- Directed by: Usama Alshaibi
- Produced by: Kristie Alshaibi Ben Berkowitz Ben Redgrave
- Starring: Usama Alshaibi Kristie Alshaibi
- Edited by: Usama Alshaibi Amy Cargill Michael Palmerio
- Distributed by: 7th Art Releasing
- Release date: August 17, 2006 (Chicago Underground Film Festival);
- Running time: 76 minutes
- Country: United States
- Language: English

= Nice Bombs =

Nice Bombs is a 2006 documentary film directed by Iraqi-American filmmaker Usama Alshaibi about his return to his home country to visit his family after the 2003 invasion of Iraq. The film is co-produced by Kristie Alshaibi and co-executive produced by Studs Terkel.

== Plot==
In January 2004, shortly after officially becoming an American citizen, the Iraqi-born filmmaker Usama Alshaibi travels to Baghdad to visit the family he hasn't seen in over two decades. He makes the trip with his wife, Kristie, in tow.

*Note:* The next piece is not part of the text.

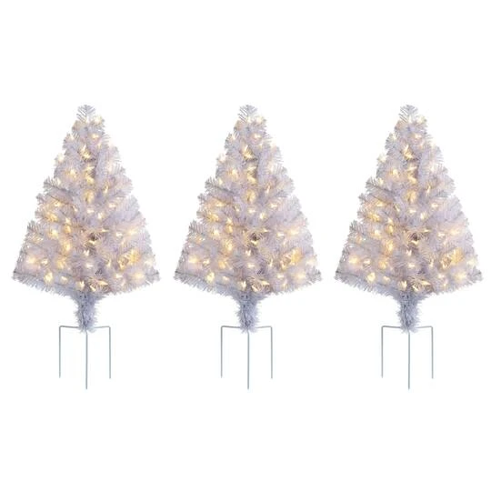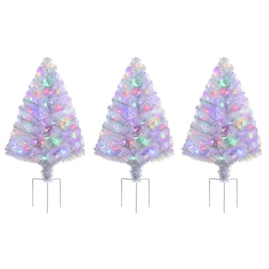 Mr. Christmas Alexa compatible Set of 3 Pathway Tree Lights. Each 31″ tree comes pre-lit with 70 lights. Alexa voice-activated lights with 12 lighting functions. Lighting your pathway, garden, or patio for the holidays has never been easier, and connecting to Alexa is as simple as plugging it in and using your voice, “Alexa, turn my Christmas lights on.” Customize your light strand to match your holiday décor; choose between an array of colors and fun functions to create a unique effortless display. This strand of 3 trees has 75″ between each tree and a 96″ lead cord.

Although Saddam Hussein had been captured by American forces in December, Baghdad is in a state of extreme turmoil with massive explosions a daily, frightening occurrence. Yet, Usama and Kristie are surprised by his family's nonchalance at the chaos. When a bomb blows up and rocks the entire house, Usama's cousin Tareef refers to the explosive device as a "nice bomb," hence the film's title.

== Release ==
Nice Bombs made its World Premiere at the 2006 Chicago Underground Film Festival where it won the Best Documentary award, which was especially fitting since Alshaibi has worked as a filmmaker primarily out of Chicago. Nice Bombs was theatrically released in New York at Two Boots Pioneer Theater and in Chicago at the Gene Siskel Film Center. The film was also screened at the 2007 New York Underground Film Festival and made its broadcast debut on the Sundance Channel in March 2008. MVD Entertainment Group currently distributes Nice Bombs on DVD.